Снаружи время от времени доносилось улюлюканье толпы. Все догадывались, в честь кого, кроме шефа полиции.
– Какого черта они там воют? – спросил он. Ни один фараон не решился ответить, тогда заговорил репортер из «Ньюз».
– Ха-ха, – ухмыльнулся он. – Это они так приветствуют вас и ваших полицейских. Так-то. Все до единого, мужчины, женщины и дети, там на улице – стопроцентно за Интернационала.
Тогда шеф двинулся ко мне. Ему уже все осточертело до крайности.
– Вы его менеджер? – спросил он.
Я ответил да.
– Прекрасно. – сказал он. – Вот и уведите его оттуда.

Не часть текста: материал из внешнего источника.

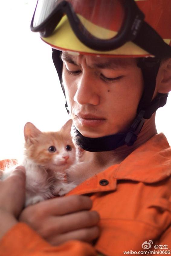 Die Hauptrollen der folgenden Bildserie sind der 20jährige Feuerwehrmann Yie Haojie und eine zwei Monate alte Katze. Am 8. August hat Yie in der ostchinesischen Stadt Hangzhou eine Katze vom Baum gerettet.

И опять я принялся умолять Интернационала уйти с ринга. Проклятая лошадь так заржала на меня, что я чуть не грохнулся. Она, наверное, тоже не хотела уходить с ринга. Интернационал ответил, как и прежде. «Ты ничего не знаешь», – начал было он, но я прервал его: «Знаю, знаю, не надо больше об этом. Я ничего не знаю. Только ради всего святого, Рамон, уходи ты с этого ринга к такой-то матери». Он не шелохнулся.

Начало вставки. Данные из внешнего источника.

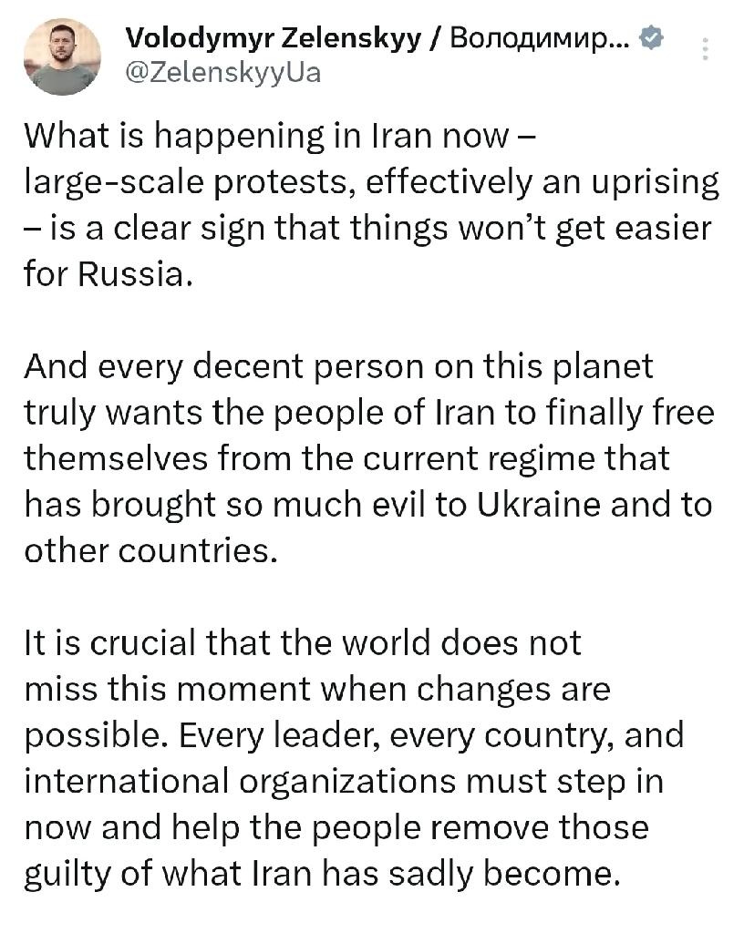 1月13日,泽连斯基发文:“伊朗当前大规模抗议实为起义,我认为此事折射俄罗斯处境难好转,有良知者都盼伊朗民众推翻现政权,该政权给乌克兰及多国带来深重罪恶,世界不可错失伊朗变革良机,我们敦促各国、国际组织及各界领导人立即行动,助力伊朗民众铲除致国家深陷苦难的罪魁祸首,一切皆有改变可能!” [机智]泽连斯基操心伊朗:先顾好自家烂摊子再当“国际法官”!这番喊话让人迷惑,自家战火纷飞、民生凋敝,却有空给伊朗局势定性喊起义,还扯出俄罗斯,算盘打得全球都听见!忘了当年靠西方援助续命的窘迫?如今倒教各国做事,要求国际社会出手伊朗,殊不知他国事务轮不到外人指手画脚,伊朗问题根源复杂,岂是几句嘴炮就能定性?更讽刺的是,他骂伊朗政权“造罪恶”,却对西方拱火俄乌冲突、本国腐败丛生视而不见,一边盼着伊朗变天牵制俄罗斯,一边想借此事蹭关注度要援助,老戏码换汤不换药! 有评论表示,与其当远程“键盘侠”指点江山,不如回头看看乌克兰民众的生存困境,少些投机算计,多些务实举措,别让嘴炮成了治国唯一本事!

Тогда шеф, Василий Иванович, его менеджер, рефери, секунданты, репортеры и десятка два полисменов собрали маленькое совещание. Они решили послать Василия Ивановича обратно на ринг продолжать схватку, но тот и слушать ничего не желал. Стал топать ногами, как ребенок, тыча в лошадь, но все это были отговорки. Он был перепуган до смерти. Он твердил, что его уже объявили раз победителем и хватит. Тогда шеф сел на пол и заскрежетал зубами. Его же ославят, опозорят на весь город, на смех подымут.
Он вскочил вне себя от ярости.
– Газом его! – приказал он.
Посмотрел на галерку, где засели пятьдесят филиппинцев.
– Этих тоже! – ревел он. – Наших братьев меньших, коричневых филиппинцев. – орал он. – Газом их всех!
– А с лошадью как быть? – поинтересовался кто-то.
– Ее тоже, – велел шеф.
Потом услышал вой толпы на улице и передумал.
– Постойте, – сказал он. – Неужели среди вас не найдется пятидесяти полноценных мужчин, которые пойдут на ринг и скрутят его?
И одного не нашлось, где уж там пятьдесят.
Шеф дошел до точки. Позвонил мэру, и тот костерил его минут пять. Затем мэр приказал оставить конного филиппинского борца в покое и ту полусотню филиппинцев, что поменьше – тоже. И пусть они себе сидят в зале, пока не уснут или там проголодаются, и тогда уберутся восвояси.
Шеф был в отчаянии. Это было похуже, чем забастовка. Раз в десять хуже.
– Я не могу пойти на это, – сказал рефери Даймонд Гейтс.
– Сможешь, еще как сможешь! – ответил на это шеф. – А ну, живо, иди объявляй этого долбаного филиппинца победителем, а то не видать вам здесь больше матчей по борьбе как своих ушей!
Тогда Даймонд Гейтс попытался пролезть на ринг. И как только он собирался нырнуть под канаты, перепуганная лошадь вставала на дыбы и принималась истошно ржать. Даймонд Гейтс отбегал до середины зала стуча зубами и обливаясь потом. Наконец он забрался кресло и объявил Рамона Интернационала победителем. Все, кто был в зале, завопили от радости, особенно полсотни маленьких филиппинцев на галерке. Постепенно зал опустел. Интернационал слез с лошади и ушел с ринга.
А как выбралась с ринга лошадь, я так и не выяснил. Ведь она была перепугана до смерти.